What Really Keeps People Happy, According To A Harvard Study3 min. read
Are earning a lot of money and attaining success the most important factors in living a good life? How does one maintain happiness and a well-rounded life on top of all the things that need to be taken care of on a daily basis?
Yes, it’s easy to get carried away with the tides of cut-throat competition and instant gratification and lose the real meaning of happiness for each of us. But as findings from the longest and most extensive research of human life conducted by The Harvard Study of Adult Development has recently concluded, true happiness lies where you least expect it.
The study, started in 1938, was focused on two groups. The Grant Study was made up of a group of all-male 268 Harvard College sophomores, and the Glueck Study was composed of a group of 456 inner-city Boston school boys. For over 75 years, these men have submitted to interviews, medical exams, brain scans, psychological tests, and questionnaires every two years, all in an effort to study their individual development.
The current director of the study, psychiatrist Robert Waldinger, shared the biggest lesson they learned from this research on his TED Talk–how relationships affect an individual’s life. He discussed it in three main points:
1. Social connections are good for us, and loneliness really kills.
The men who built close relationships with their family, friends, or community reported to have lived happier, healthier, and longer than the less socially active men in the study. These individuals maintained an active social life and close ties with friends and family even after retirement.
On the other hand, people who spent a lot of their time alone ended up being less happy, with some of them ended up being alcoholics. It was the greatest contributor in the decline of their health and brain function earlier in life, and resulted in early death.
This conclusion is backed by a 2005 to 2010 study conducted by Gallup World Poll, the first-ever global survey covering 60,865 people from 123 countries in search for support on Maslow’s Hierarchy of Needs. After meeting the most basic human needs such as food, clothing, and shelter, an individual’s satisfaction and sense of security comes from well-rounded interpersonal relationships. The love and respect from these types of relationships makes one more capable in facing the troubles and challenges of life.
2. It’s the quality of close relationships that matters.
Quality over quantity is important in maintaining close relationships. According to the study, stagnant marriage devoid of any affection is worse for one’s health than getting divorced. Prolonging toxic relationships and living in the midst of conflict is deterrent to one’s health.

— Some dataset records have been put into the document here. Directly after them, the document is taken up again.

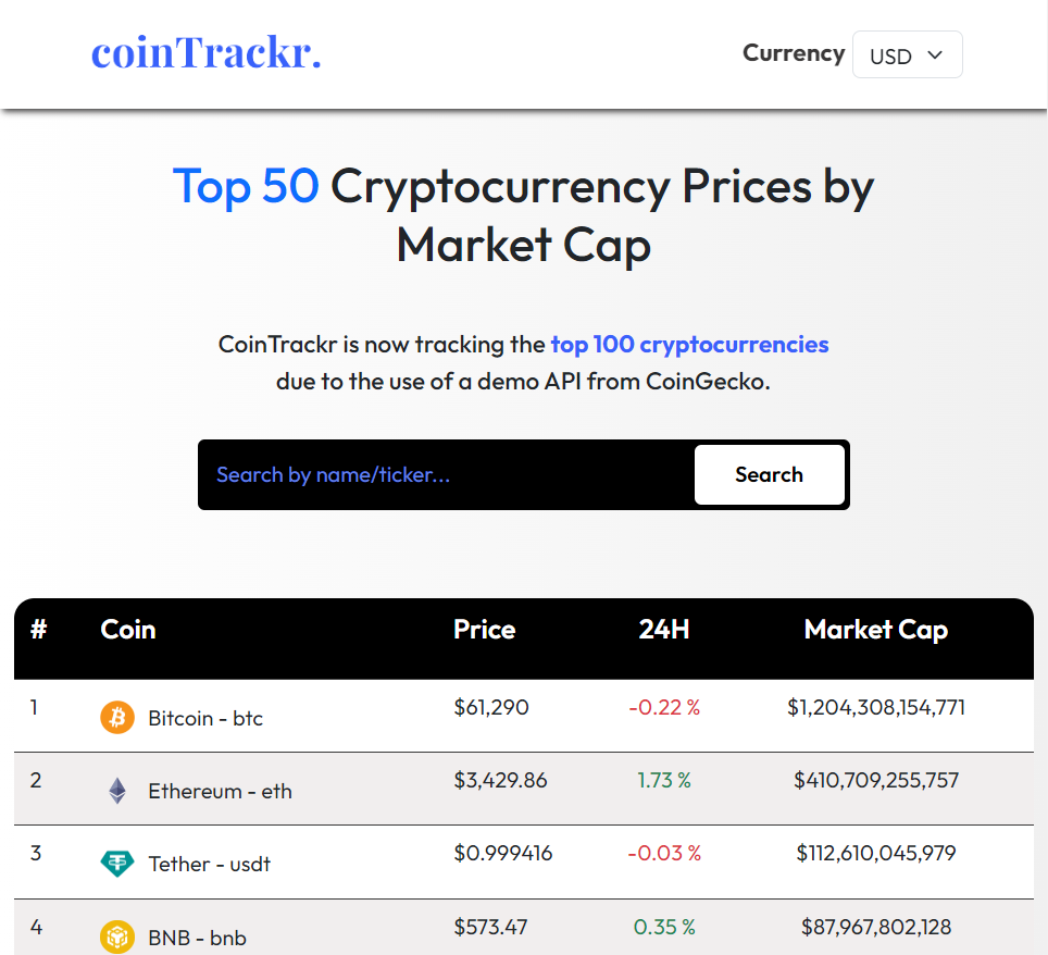 CoinTrackr is now tracking the top 100 cryptocurrencies with the use of demo API from CoinGecko.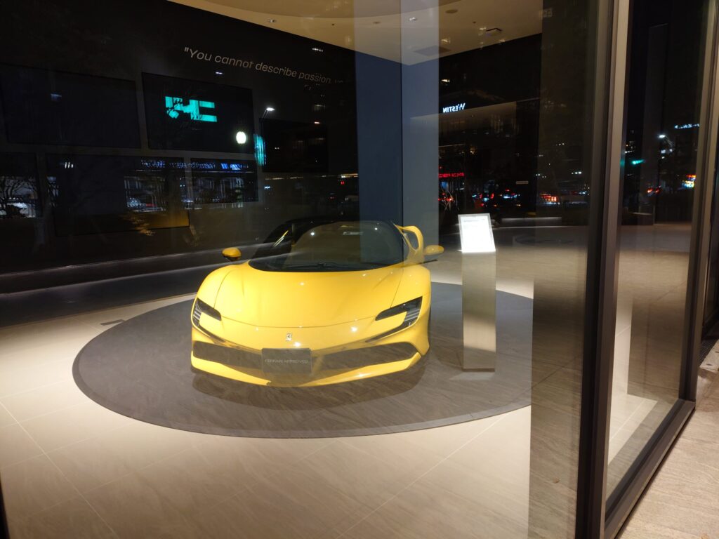 夜のライトアップ演出: 夜になると、ショールームの照明が街を彩る街灯の一部となり、展示車がまるで宝石のように輝きます。この光の演出が、ブランドのステータスを夜の街に静かに、かつ力強く主張します。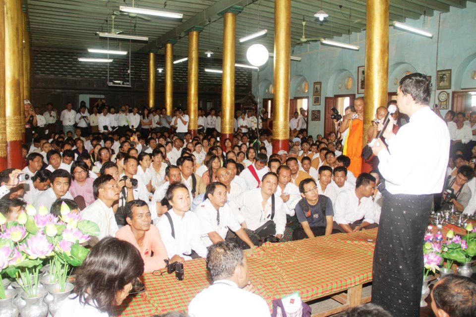 ခ်မ္းျမသာစည္ၿမိဳ႕နယ္၊ အလယ္တိုက္ႀကီး၊ ဒကိၡဏာရာမဘုရားႀကီးေက်ာင္းတ ိုက္တြင္ ဆက္လက္က်င္းပရာ ႏိုင္ငံေရးေဆြးေႏြးမႈမ်ားကို၈၈မ်ဳိးဆက္ေက်ာင္းသားေခါင္းေဆာင္ မင္းကိုႏိုင္မွ ေဆြးေႏြးစဥ္။
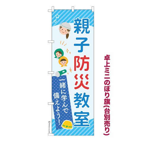 商品名「既製品ミニのぼり旗 親子防災教室3 高品質デザイン メール便可」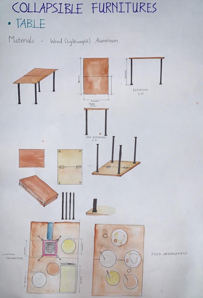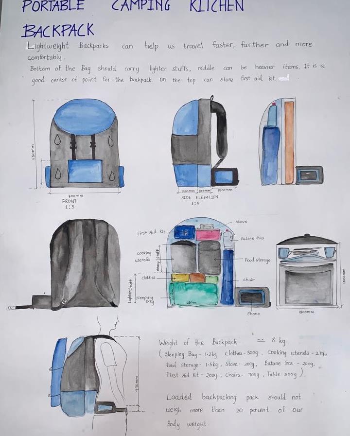 This project is about portable camping kitchen which will be enable to prepare meal for two person who are camping partners. The portable camping kitchen is design according to the anthropometrics. And also consider the weight. The portable kitchen contain the shelter , collapsible funitures and utensils.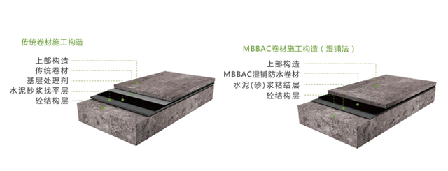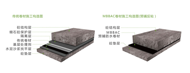 ● 粘結可靠,便于檢修。MBBAC卷材與結構牢固、持久粘結。卷材出現(xiàn)任何局部破壞,水都會被限定在局部很小范圍內,不竄水,不滲漏,退一步來說,即使防水層薄弱點和結構裂縫高度吻合而出現(xiàn)滲漏,也極易檢修。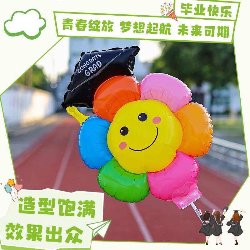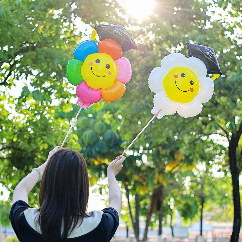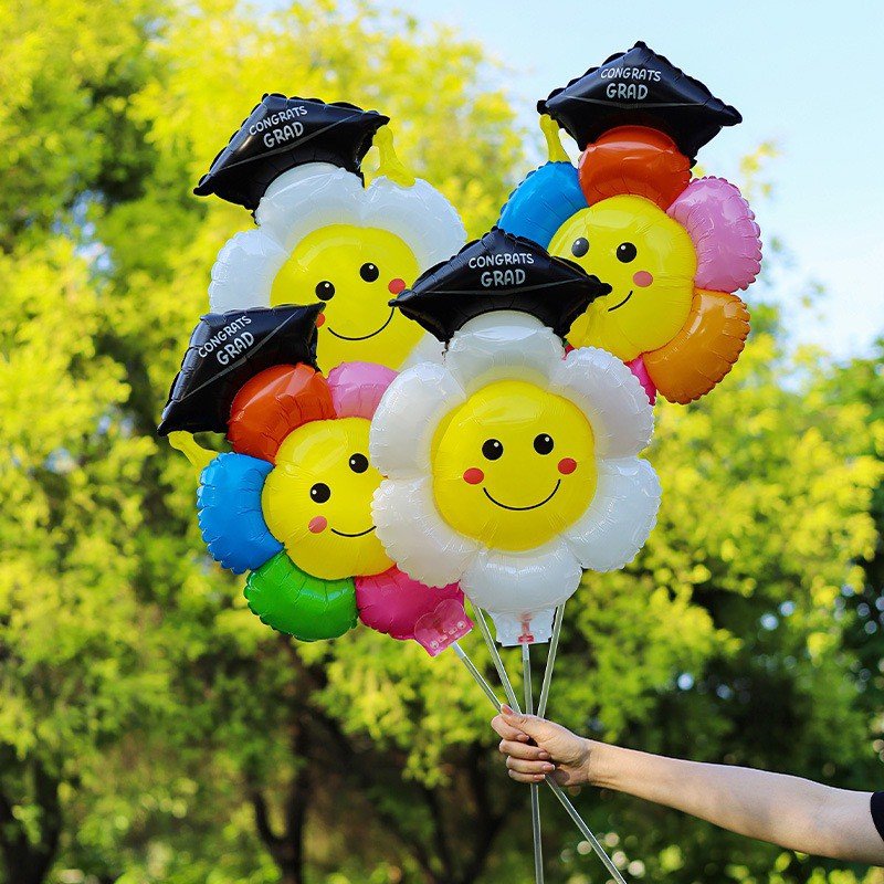 ลูกโป่งเดซี่ใส่หมวกรับปริญญามาพร้อมก้าน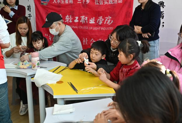 1月13日,齐缬社团举办了“缬韵流光,染艺雅集”蓝染主题非遗文化体验活动。活动现场,社团成员走进社区,不仅为大家系统讲解了蓝染技艺的历史渊源与工艺原理,还手把手指导社区的小朋友及家长们实践扎染、夹染等传统技法。素白布料在靛蓝染料中变幻出深浅不一的纹样,参与者们亲手创作出充满个性的蓝染作品,在一线一染间深刻感受传统手工艺的温度与非遗文化的深厚底蕴。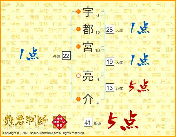 宇都宮亮介さんの総運は41画の5点!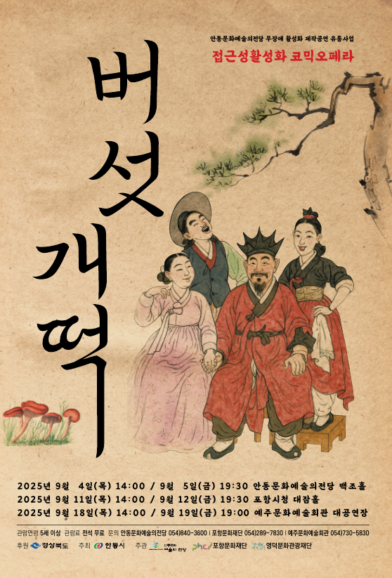 포항문화재단(대표이사 이상모)은 오는 9월 11일과 12일 양일간, 포항시청 대잠홀에서 배리어 프리 코믹 오페라 '버섯개떡'을 선보인다.

Parental relationship also proved to be a huge factor in their development. Men who had a close relationship with their mothers earned an average income of $87,000 more a year than those who did not have strong family ties. Those who had poor relationships with their parents from childhood were more likely to develop anxiety and dementia when they got older.
3. Good relationships don’t just protect our bodies; they protect our brains.
Having someone to rely on in times of need improved the subjects’ memories. Their memories became sharper far longer and reduced the risk of mental impairment, including dementia. Subjects who feel that they really can’t count on someone experienced earlier memory decline.
While having securely attached relationships is far from perfect and takes a lot of hard work, constant companions in times of need gives a positive effect to a person’s health. Having someone around makes it easier to deal with life’s struggles.
The most happily partnered men in their eighties reported that on the days they were suffering from physical pain, they were still just as happy. On the other hand, the people who were in unhappy relationships experienced a magnified emotional pain on top of their physical pain.
At the end of the study, the people who built strong foundations in their relationships with family, friends, and community lived longer and fared the best.
Waldinger went on to discuss that the subjects also had the same thoughts as millennials when they started the research. That success, fame, high achievement, and wealth were what they needed to achieve in order to live a good and happy life, but it was proven wrong throughout the research. “Over and over, over these 75 years, our study has shown that the people who fared the best were the people who leaned in to relationships, with family, with friends, with community.”
The good life is built on good relationships. Spread the word.